=== ENTRIES SHOWN ===

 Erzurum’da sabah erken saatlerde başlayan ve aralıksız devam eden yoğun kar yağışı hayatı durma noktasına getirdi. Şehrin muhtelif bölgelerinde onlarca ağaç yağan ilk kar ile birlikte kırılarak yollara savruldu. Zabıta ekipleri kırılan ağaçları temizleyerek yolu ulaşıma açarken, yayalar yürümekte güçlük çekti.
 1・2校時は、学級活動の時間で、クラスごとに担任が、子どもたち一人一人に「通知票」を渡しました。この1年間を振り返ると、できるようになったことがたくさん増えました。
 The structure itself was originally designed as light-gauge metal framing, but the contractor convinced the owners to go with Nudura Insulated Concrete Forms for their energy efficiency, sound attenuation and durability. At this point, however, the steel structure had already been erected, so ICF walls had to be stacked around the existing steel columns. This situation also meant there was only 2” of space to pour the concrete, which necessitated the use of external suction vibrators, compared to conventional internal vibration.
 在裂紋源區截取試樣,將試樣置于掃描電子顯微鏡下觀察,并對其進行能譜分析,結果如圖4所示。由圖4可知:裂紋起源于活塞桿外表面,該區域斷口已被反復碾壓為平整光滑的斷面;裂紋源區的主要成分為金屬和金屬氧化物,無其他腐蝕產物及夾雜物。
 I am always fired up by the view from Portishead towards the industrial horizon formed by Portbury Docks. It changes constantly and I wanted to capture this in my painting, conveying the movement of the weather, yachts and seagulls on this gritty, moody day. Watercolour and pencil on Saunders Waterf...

===
=== ENTRIES SHOWN ===

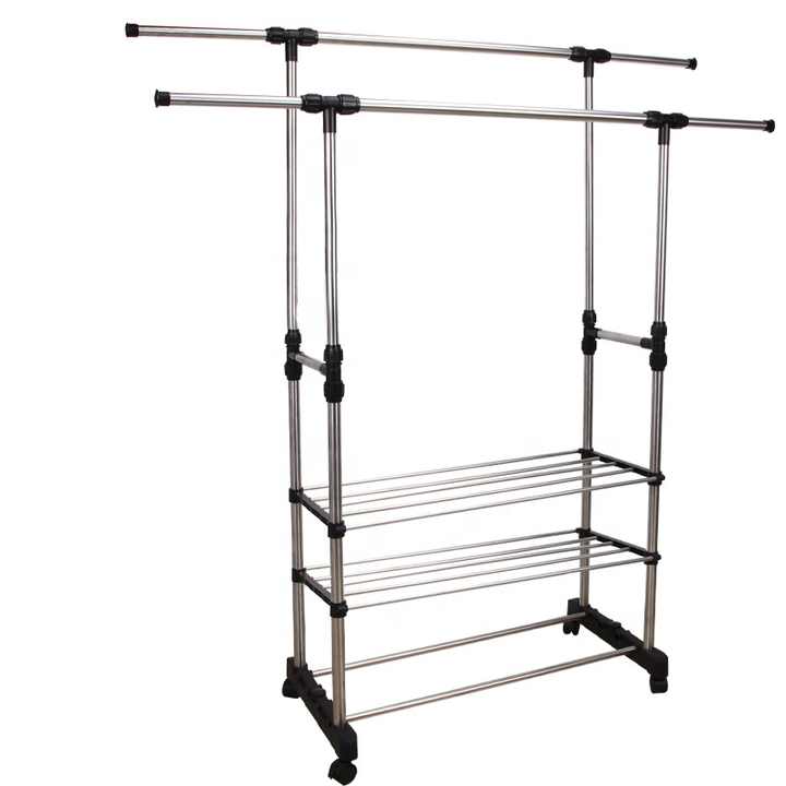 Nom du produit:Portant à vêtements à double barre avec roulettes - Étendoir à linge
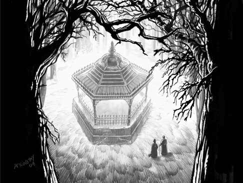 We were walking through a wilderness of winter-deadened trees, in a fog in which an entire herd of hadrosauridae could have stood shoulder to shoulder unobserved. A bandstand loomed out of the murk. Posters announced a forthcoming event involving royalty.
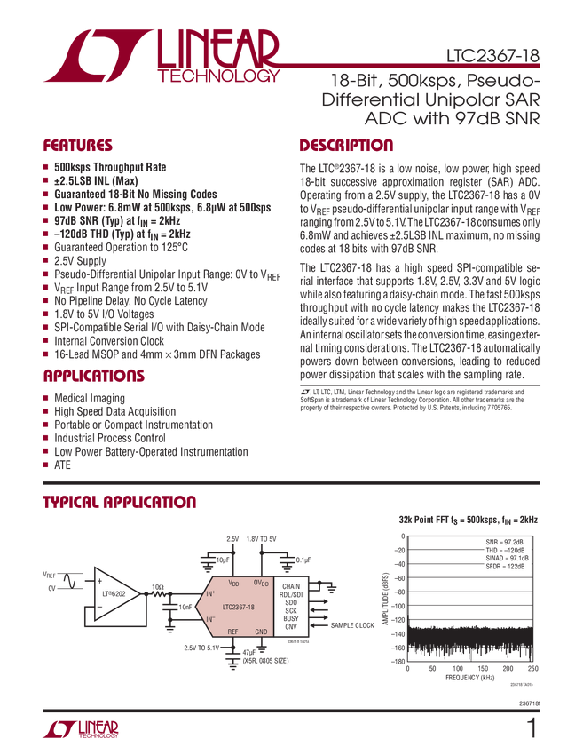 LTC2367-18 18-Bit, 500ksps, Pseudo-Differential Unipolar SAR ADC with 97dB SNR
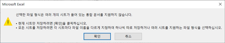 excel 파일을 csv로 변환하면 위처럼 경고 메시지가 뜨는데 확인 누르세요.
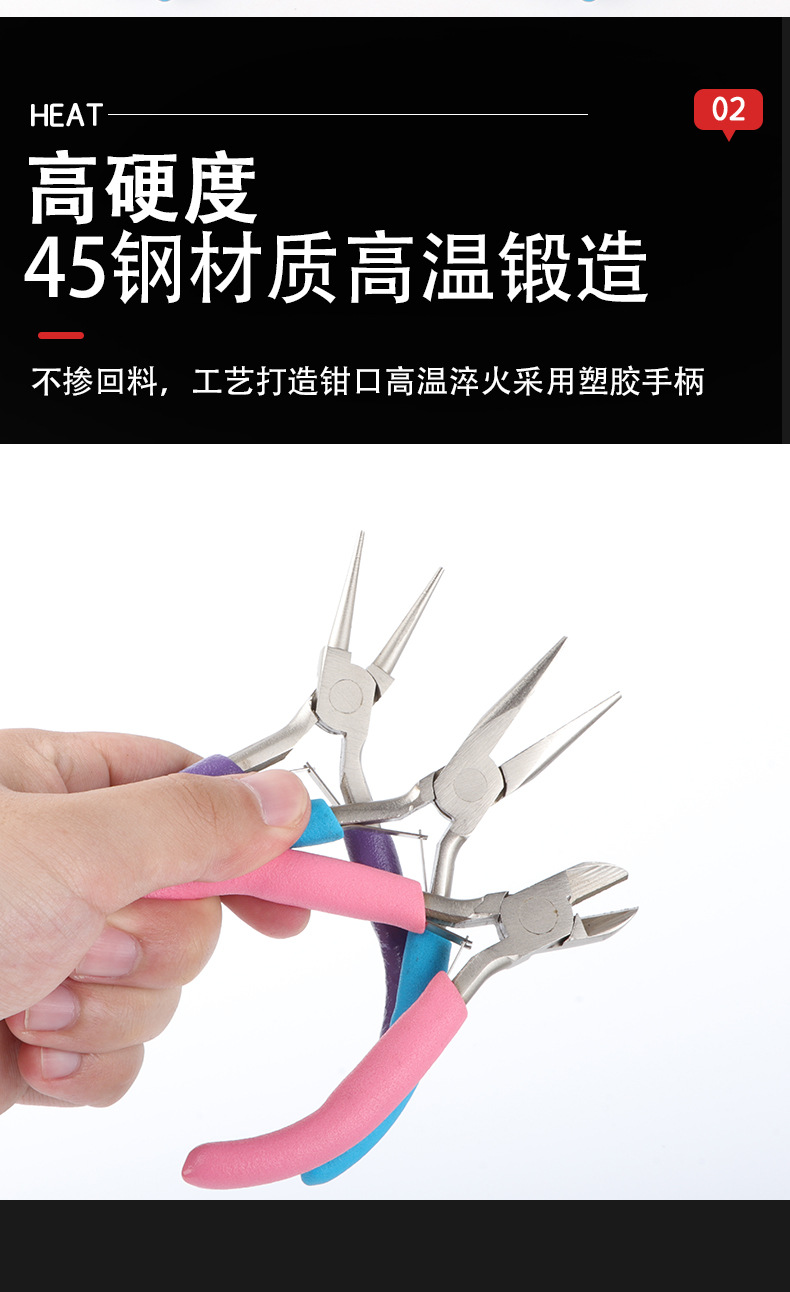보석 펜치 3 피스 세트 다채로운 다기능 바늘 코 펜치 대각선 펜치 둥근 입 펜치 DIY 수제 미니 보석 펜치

===
=== ENTRIES SHOWN ===

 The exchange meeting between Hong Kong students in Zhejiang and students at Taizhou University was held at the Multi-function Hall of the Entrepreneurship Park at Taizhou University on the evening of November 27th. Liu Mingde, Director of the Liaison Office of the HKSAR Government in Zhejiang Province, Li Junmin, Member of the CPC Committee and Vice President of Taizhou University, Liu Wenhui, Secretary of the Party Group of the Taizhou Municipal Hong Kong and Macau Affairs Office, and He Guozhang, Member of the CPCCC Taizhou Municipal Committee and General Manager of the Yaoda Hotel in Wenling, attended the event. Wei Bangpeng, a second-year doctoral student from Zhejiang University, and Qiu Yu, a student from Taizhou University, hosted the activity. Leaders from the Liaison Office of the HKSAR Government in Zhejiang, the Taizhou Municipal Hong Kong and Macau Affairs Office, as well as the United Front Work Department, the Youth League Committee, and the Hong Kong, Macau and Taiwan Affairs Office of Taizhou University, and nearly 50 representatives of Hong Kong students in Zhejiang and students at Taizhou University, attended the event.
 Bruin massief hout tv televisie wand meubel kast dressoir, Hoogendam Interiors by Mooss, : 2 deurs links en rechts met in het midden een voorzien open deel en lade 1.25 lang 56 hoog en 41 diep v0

===

Please give back exactly the lines of the listing above that run from the one containing "Erzurum’da sabah erken" through the one containing "1・2校時は、学級活動の時間", and only those.

 Erzurum’da sabah erken saatlerde başlayan ve aralıksız devam eden yoğun kar yağışı hayatı durma noktasına getirdi. Şehrin muhtelif bölgelerinde onlarca ağaç yağan ilk kar ile birlikte kırılarak yollara savruldu. Zabıta ekipleri kırılan ağaçları temizleyerek yolu ulaşıma açarken, yayalar yürümekte güçlük çekti.
 1・2校時は、学級活動の時間で、クラスごとに担任が、子どもたち一人一人に「通知票」を渡しました。この1年間を振り返ると、できるようになったことがたくさん増えました。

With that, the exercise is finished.